Types of GI cancer & common treatment options

GI cancer occurs in the digestive system and includes:

  • Colorectal (colon and rectal) cancer: The most common treatment options are surgery, chemotherapy, radiation therapy, and immunotherapy.
  • Esophageal cancer: The most common treatments are surgery, chemotherapy, immunotherapy and radiation. Sometimes other treatments are recommended, such as endoscopic mucosal resection, laser ablation, electrocoagulation, esophageal stent, radiofrequency ablation, or photodynamic therapy (PDT).
  • Gallbladder cancer: The most common treatment options are potentially curative surgery (where imaging tests show there’s a good chance the surgeon can remove all of the cancer), palliative surgery to relieve pain and prevent complications, chemotherapy, radiation therapy, targeted therapy, ablation and embolization.
  • Intestinal cancer: The most common treatments are surgery, chemotherapy, and radiation therapy.
  • Liver cancer: The most common liver cancer treatments are surgery to remove the tumor, liver transplantation, chemotherapy, radiation therapy, immunotherapy, targeted therapy, ablation and embolization.
  • Pancreatic cancer: Treatments for pancreatic cancer include potentially curative surgery when it seems possible to remove all of the cancer, palliative surgery to relieve symptoms and prevent complications if the cancer cannot be completely removed, ablation, embolization, chemotherapy and radiation therapy.
  • Stomach cancer: Treatments for stomach cancer can include gastrectomy (surgery to remove all or part of the stomach), chemotherapy, immunotherapy and radiation therapy.

Treatment for GI cancer

Your treatment options will vary depending on the type of cancer you have, what stage it is, your overall health, and other factors. Treatments can include:

  • Surgery to remove the tumor, lymph nodes and/or nearby tissues. Some people need an ostomy, which is a surgical procedure that creates an opening (stoma) in the body to allow for the removal of waste, like stool or urine. For example, if a portion of your colon or large intestines is removed, you may need a colostomy. If part of your small intestine is removed, you may need an ileostomy. Ostomies can be temporary or permanent.
  • Chemotherapy to kill cancer cells or make cancer cells more sensitive to other treatments, like radiation therapy. Chemotherapy may be given intravenously (through an IV) or orally (through pills).
  • Radiation therapy to destroy cancer cells that may remain after surgery. It’s often used in combination with surgery and chemotherapy. Radiation therapy can include external beam radiation, high-dose brachytherapy, or intensity-modulated radiotherapy.
  • Immunotherapy works with your body’s immune system to slow or stop the growth of cancer cells, making it easier for the immune system to kill the cancer cells or keep cancer cells from spreading elsewhere in the body.
  • Targeted therapy identifies, targets, and destroys specific tumor cells.
  • Ablation is a technique to destroy tumors without removing them, often by inserting a needle through the skin into the tumor. Techniques include radiofrequency ablation (using high-energy radio waves), microwave ablation (using electromagnetic waves), cryoablation (using very cold gasses) and alcohol ablation (using concentrated alcohol). Ablation is sometimes used along with embolization.
  • Embolization is when a catheter is used to find the blood vessel that feeds the tumor. Through the catheter, the surgeon places tiny beads called microspheres into the blood vessel to cut off the blood supply and kill the tumor. Sometimes the beads are radioactive. Other times, this procedure is used to deliver chemotherapy directly to the tumor.

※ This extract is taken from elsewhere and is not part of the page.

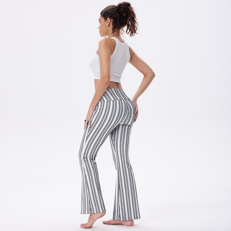 OQQ Women’s Striped Trousers High-Waist Striped Flare Pants – Casual Long Trousers Sport Workout Pants

You may also be a candidate for a clinical trial, which studies promising new cancer treatments. Ask your oncologist if a clinical trial is an option for you.

Your cancer care team will work closely with you to determine the right treatment options for your specific cancer, health, lifestyle, and goals. To learn more about GI cancer, visit Sarah Cannon’s blog, What you should know about GI cancers.  If you have questions about GI cancer, call askSARAH at 844-482-4812 or visit askSARAH online.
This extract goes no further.